Every line with the string "Cotton" should be copied from the data.

#### Dataset records ####

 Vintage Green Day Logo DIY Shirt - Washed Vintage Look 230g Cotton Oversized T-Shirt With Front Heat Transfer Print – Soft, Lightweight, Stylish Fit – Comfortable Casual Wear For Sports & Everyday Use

####
#### Dataset records ####

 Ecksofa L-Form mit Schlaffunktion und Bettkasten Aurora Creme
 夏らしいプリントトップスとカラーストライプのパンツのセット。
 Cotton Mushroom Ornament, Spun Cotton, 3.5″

####

▶ Response box:
 Vintage Green Day Logo DIY Shirt - Washed Vintage Look 230g Cotton Oversized T-Shirt With Front Heat Transfer Print – Soft, Lightweight, Stylish Fit – Comfortable Casual Wear For Sports & Everyday Use
 Cotton Mushroom Ornament, Spun Cotton, 3.5″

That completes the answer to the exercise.